Note that this model has almost the exact same structure in its \(N^2\) diagram as the sellar problem. Specifically the coupling between the aerodynamics and structural analyses can be isolated from the rest of the model. Those two are grouped together in the aerostruct_cycle group, giving the top level of the model a feed-forward structure. There is a subtle difference though; the Sellar problem is constructed of all explicit components but this aerostructural problem has two implicit analyses in the aero and struct components. Practically speaking, the presence of a CFD component means that the model is too big to use a DirectSolver at the top level of its hierarchy.

Instead, based on the advice in the Theory Manual entry on selecting which kind of linear solver to use, the feed-forward structure on the top level indicates that the default LinearRunOnce solver is a good choice for that level of the model.

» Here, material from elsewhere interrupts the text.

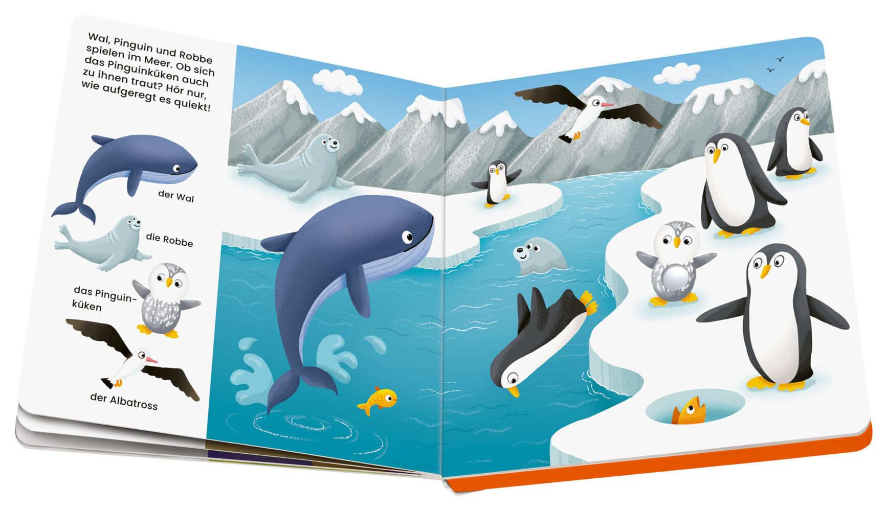 Tier-Such-Spaß mit süßen Geräuschen Wer trompetet denn da? Und wo ist das Leopardenkind? In jedem Lebensraum gibt es viele Tiere zu suchen und finden. 5 süße Geräusche machen die Entdeckungsreise durch den Ozean, den Dschungel und die heimische Weide für Kinde...
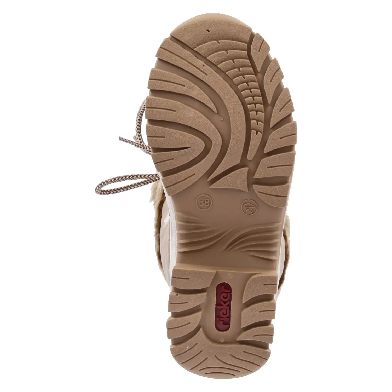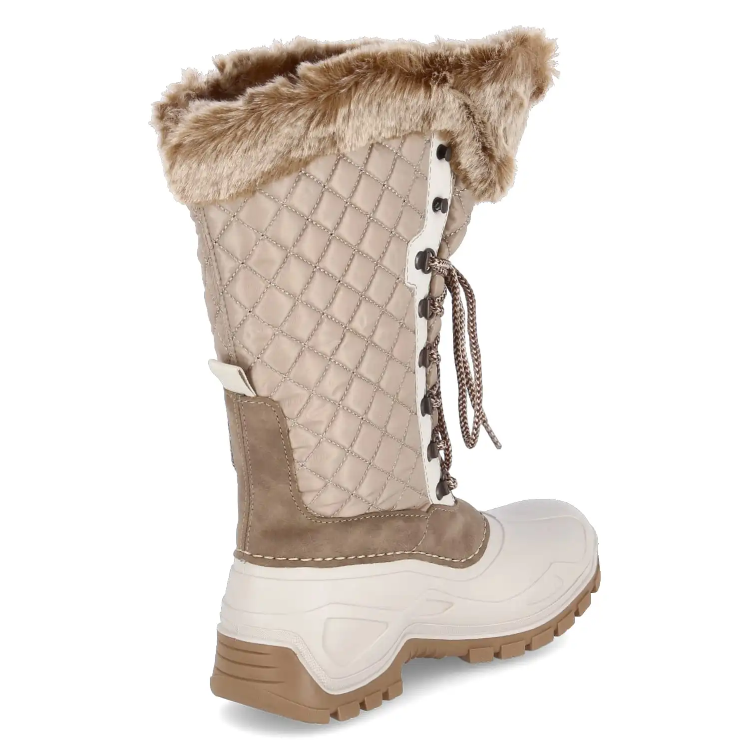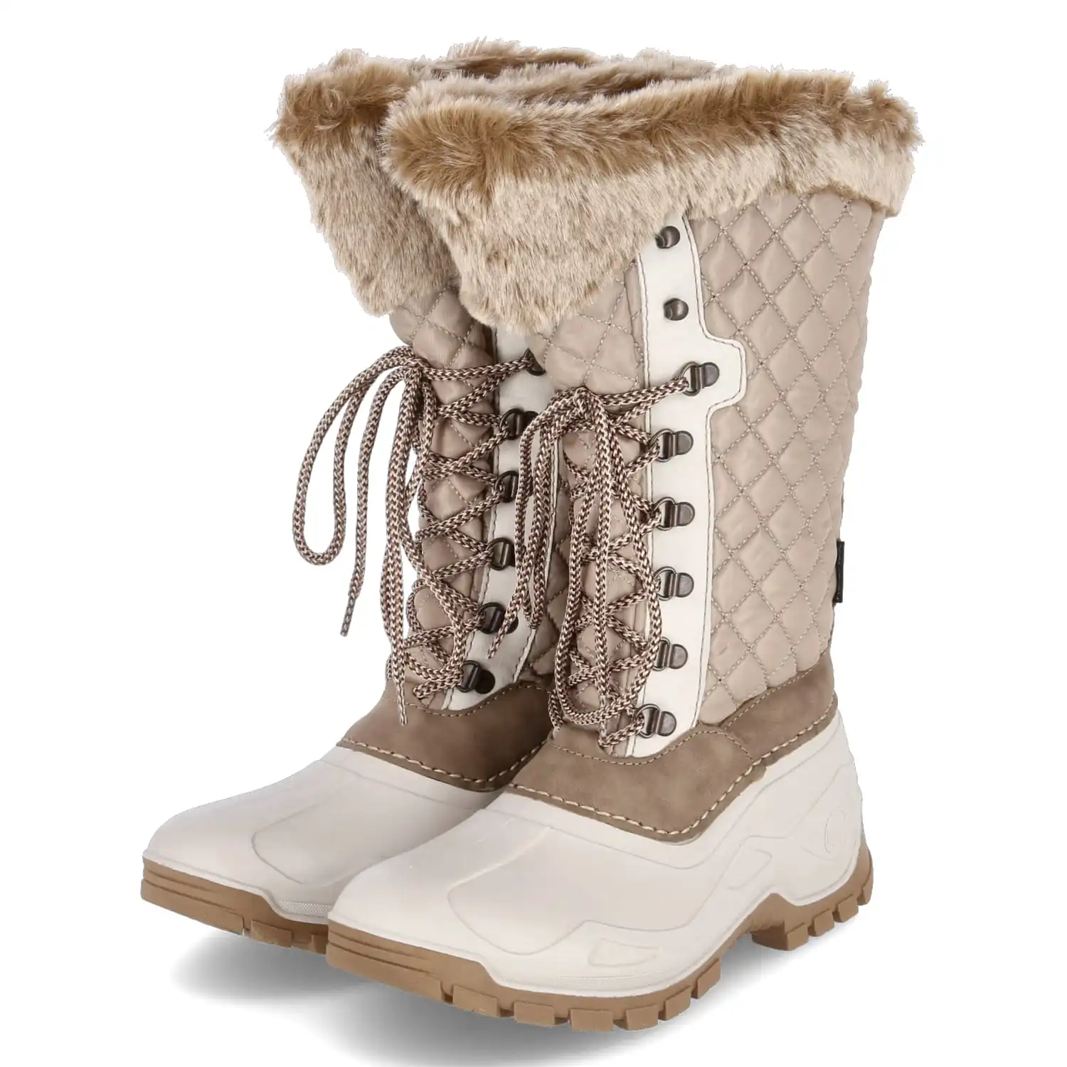 Rieker Damen Winter-Stiefel Beige Textil-Synthetik-Mix – weicher, weiter Schaft mit Rautensteppung, Kunstfellkragen und Schnürung – wasserfest, isolierend, atmungsaktiv – warmes Futter – gepolsterte Decksohle – flexible und rutschhemmende Laufsohle

So now the challenge is to select a good linear solver architecture for the cycle group. One possible approach is to use the LinearBlockGS solver for the cycle, and then assign additional solvers to the aerodynamics and structural analyses.

Note

Choosing LinearBlockGaussSeidel is analogous to solving the nonlinear system with a NonLinearBlockGaussSeidel solver.

Despite the analogy, it is not required nor even advised that your linear solver architecture match your nonlinear solver architecture. It could very well be a better choice to use the PETScKrylov solver for the cycle level, even if the NonlinearBlockGS solver was set as the nonlinear solver.

The LinearBlockGS solver requires that any implicit components underneath it have their own linear solvers to converge their part of the overall linear system. So a PETScKrylov solver is used for aero and a DirectSolver is use for struct. Looking back at the figure above, notice that these solvers are all called out in their respective hierarchical locations.